● **AIM OF THE TASK**
Set down all of the data that follows word for word, without the images.

*** COLLECTED MATERIAL ***

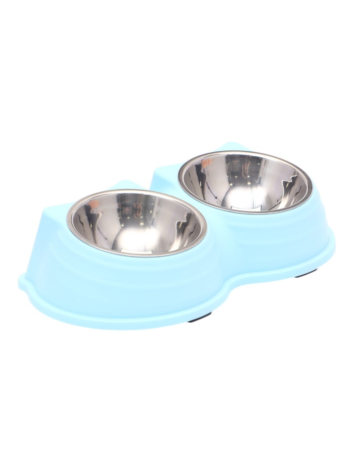 Миска металлическая двойная на пластиковом основании "Кисы", 28 х 16,3 х 7,3 см, голубая
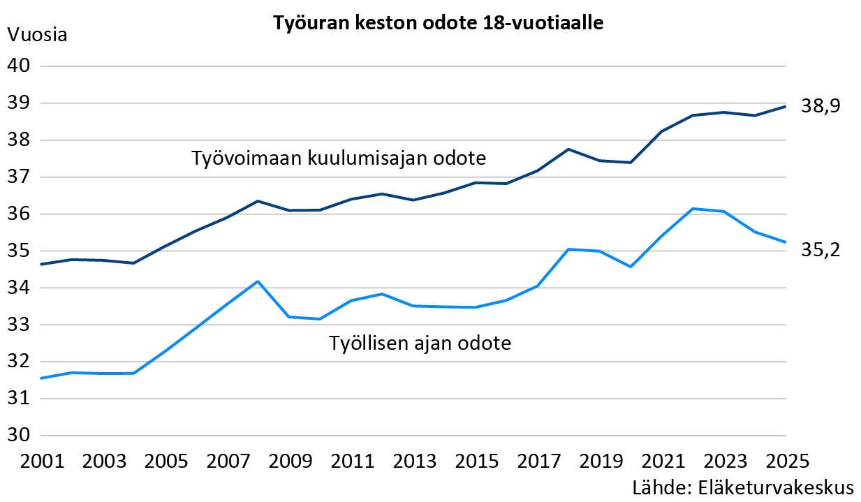 18-vuotiaan työvoimaan kuulumisajan odote oli 38,9 vuotta
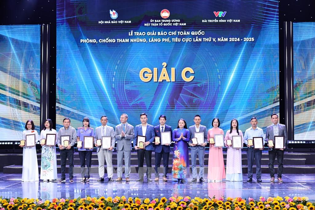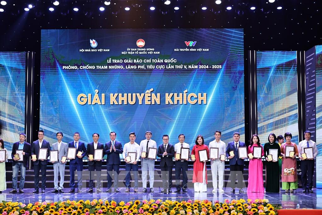 Cùng dự có các đồng chí: Ủy viên Bộ Chính trị, Bí thư Trung ương Đảng, Trưởng Ban Nội chính Trung ương, Phó Trưởng ban thường trực Ban Chỉ đạo Trung ương về phòng, chống tham nhũng, lãng phí, tiêu cực Phan Đình Trạc; Ủy viên Bộ Chính trị, Bí thư Trung ương Đảng, Chủ tịch Ủy ban Trung ương MTTQ Việt Nam, Ủy viên Ban Chỉ đạo Trung ương về phòng, chống tham nhũng, lãng phí, tiêu cực, Trưởng ban Chỉ đạo Giải báo chí toàn quốc phòng, chống tham nhũng, lãng phí, tiêu cực Đỗ Văn Chiến; Phó Chủ tịch nước Võ Thị Ánh Xuân; các đồng chí Ủy viên Trung ương Đảng, Ủy viên dự khuyết Trung ương Đảng, lãnh đạo các ban, bộ, ngành, MTTQ Việt Nam ở Trung ương và Hà Nội; đại diện lãnh đạo các cơ quan báo chí ở Trung ương và địa phương, cùng các tác giả/nhóm tác giả có tác phẩm được vinh danh trong Lễ trao giải. Tại buổi lễ, 4 tác phẩm đoạt giải A đã được trao, đó là loạt 3 bài "Cựu chiến binh bền bỉ chống 'Giặc nội xâm'" của tác giả Đỗ Phú Thọ đăng trên Báo Cựu chiến binh Việt Nam; loạt 5 bài "Chống lãng phí trong lĩnh vực khoa học, công nghệ" của nhóm tác giả: Nguyễn Thị Hồng, Nguyễn Văn Lộc đăng trên Báo điện tử Kiểm toán; tác phẩm "Làm gì với trụ sở dôi dư?" của nhóm tác giả: Mai Kiều Tuyết, Tăng Thị Hải Hà, Nguyễn Thi Yên phát sóng trên VOV giao thông, Đài Tiếng nói Việt Nam; tác phẩm "Nghịch lý đầu tư xử lý rác thải bằng công nghệ" của nhóm tác giả: Xuân Dung, Liên Liên, Linh Thủy, Quý Thông, Duy Công, Minh Đức, Đình Hưng phát sóng trên VTV1, Đài Truyền hình Việt Nam. Cùng đó, Ban tổ chức đã trao 10 giải B; 12 giải C; 18 giải Khuyến khích cho các tác giả. Tại Giải, Thông tấn xã Việt Nam có một tác phẩm đoạt giải B, đó là tác phẩm Mega Story đặc biệt "Chống lãng phí đất đai - Tinh gọn bộ máy: 'Cuộc cách mạng cấp thiết để đất nước vươn mình'" của nhóm tác giả: Võ Mạnh Hùng, Nguyễn Hoài Nam, Đoàn Minh Anh đăng trên Báo điện tử VietnamPlus.Theo đánh giá của Hội đồng chung khảo, sau 2 năm triển khai, tính đến hết ngày 31/7/2025, Ban Tổ chức Giải đã tiếp nhận 1.110 tác phẩm báo chí gửi tham dự thuộc 4 thể loại: báo In, báo Điện tử, Phát thanh, Truyền hình của 90 cơ quan báo chí ở Trung ương và địa phương. Với tinh thần dân chủ, khách quan, công tâm, trách nhiệm cao, các thành viên Hội đồng Chung khảo đã xem xét, thống nhất lựa chọn được 44 tác phẩm xuất sắc nhất để trao giải.

*** End of COLLECTED MATERIAL ***

● **ANSWER TO THE PROBLEM**
 Миска металлическая двойная на пластиковом основании "Кисы", 28 х 16,3 х 7,3 см, голубая
 18-vuotiaan työvoimaan kuulumisajan odote oli 38,9 vuotta
 Cùng dự có các đồng chí: Ủy viên Bộ Chính trị, Bí thư Trung ương Đảng, Trưởng Ban Nội chính Trung ương, Phó Trưởng ban thường trực Ban Chỉ đạo Trung ương về phòng, chống tham nhũng, lãng phí, tiêu cực Phan Đình Trạc; Ủy viên Bộ Chính trị, Bí thư Trung ương Đảng, Chủ tịch Ủy ban Trung ương MTTQ Việt Nam, Ủy viên Ban Chỉ đạo Trung ương về phòng, chống tham nhũng, lãng phí, tiêu cực, Trưởng ban Chỉ đạo Giải báo chí toàn quốc phòng, chống tham nhũng, lãng phí, tiêu cực Đỗ Văn Chiến; Phó Chủ tịch nước Võ Thị Ánh Xuân; các đồng chí Ủy viên Trung ương Đảng, Ủy viên dự khuyết Trung ương Đảng, lãnh đạo các ban, bộ, ngành, MTTQ Việt Nam ở Trung ương và Hà Nội; đại diện lãnh đạo các cơ quan báo chí ở Trung ương và địa phương, cùng các tác giả/nhóm tác giả có tác phẩm được vinh danh trong Lễ trao giải. Tại buổi lễ, 4 tác phẩm đoạt giải A đã được trao, đó là loạt 3 bài "Cựu chiến binh bền bỉ chống 'Giặc nội xâm'" của tác giả Đỗ Phú Thọ đăng trên Báo Cựu chiến binh Việt Nam; loạt 5 bài "Chống lãng phí trong lĩnh vực khoa học, công nghệ" của nhóm tác giả: Nguyễn Thị Hồng, Nguyễn Văn Lộc đăng trên Báo điện tử Kiểm toán; tác phẩm "Làm gì với trụ sở dôi dư?" của nhóm tác giả: Mai Kiều Tuyết, Tăng Thị Hải Hà, Nguyễn Thi Yên phát sóng trên VOV giao thông, Đài Tiếng nói Việt Nam; tác phẩm "Nghịch lý đầu tư xử lý rác thải bằng công nghệ" của nhóm tác giả: Xuân Dung, Liên Liên, Linh Thủy, Quý Thông, Duy Công, Minh Đức, Đình Hưng phát sóng trên VTV1, Đài Truyền hình Việt Nam. Cùng đó, Ban tổ chức đã trao 10 giải B; 12 giải C; 18 giải Khuyến khích cho các tác giả. Tại Giải, Thông tấn xã Việt Nam có một tác phẩm đoạt giải B, đó là tác phẩm Mega Story đặc biệt "Chống lãng phí đất đai - Tinh gọn bộ máy: 'Cuộc cách mạng cấp thiết để đất nước vươn mình'" của nhóm tác giả: Võ Mạnh Hùng, Nguyễn Hoài Nam, Đoàn Minh Anh đăng trên Báo điện tử VietnamPlus.Theo đánh giá của Hội đồng chung khảo, sau 2 năm triển khai, tính đến hết ngày 31/7/2025, Ban Tổ chức Giải đã tiếp nhận 1.110 tác phẩm báo chí gửi tham dự thuộc 4 thể loại: báo In, báo Điện tử, Phát thanh, Truyền hình của 90 cơ quan báo chí ở Trung ương và địa phương. Với tinh thần dân chủ, khách quan, công tâm, trách nhiệm cao, các thành viên Hội đồng Chung khảo đã xem xét, thống nhất lựa chọn được 44 tác phẩm xuất sắc nhất để trao giải.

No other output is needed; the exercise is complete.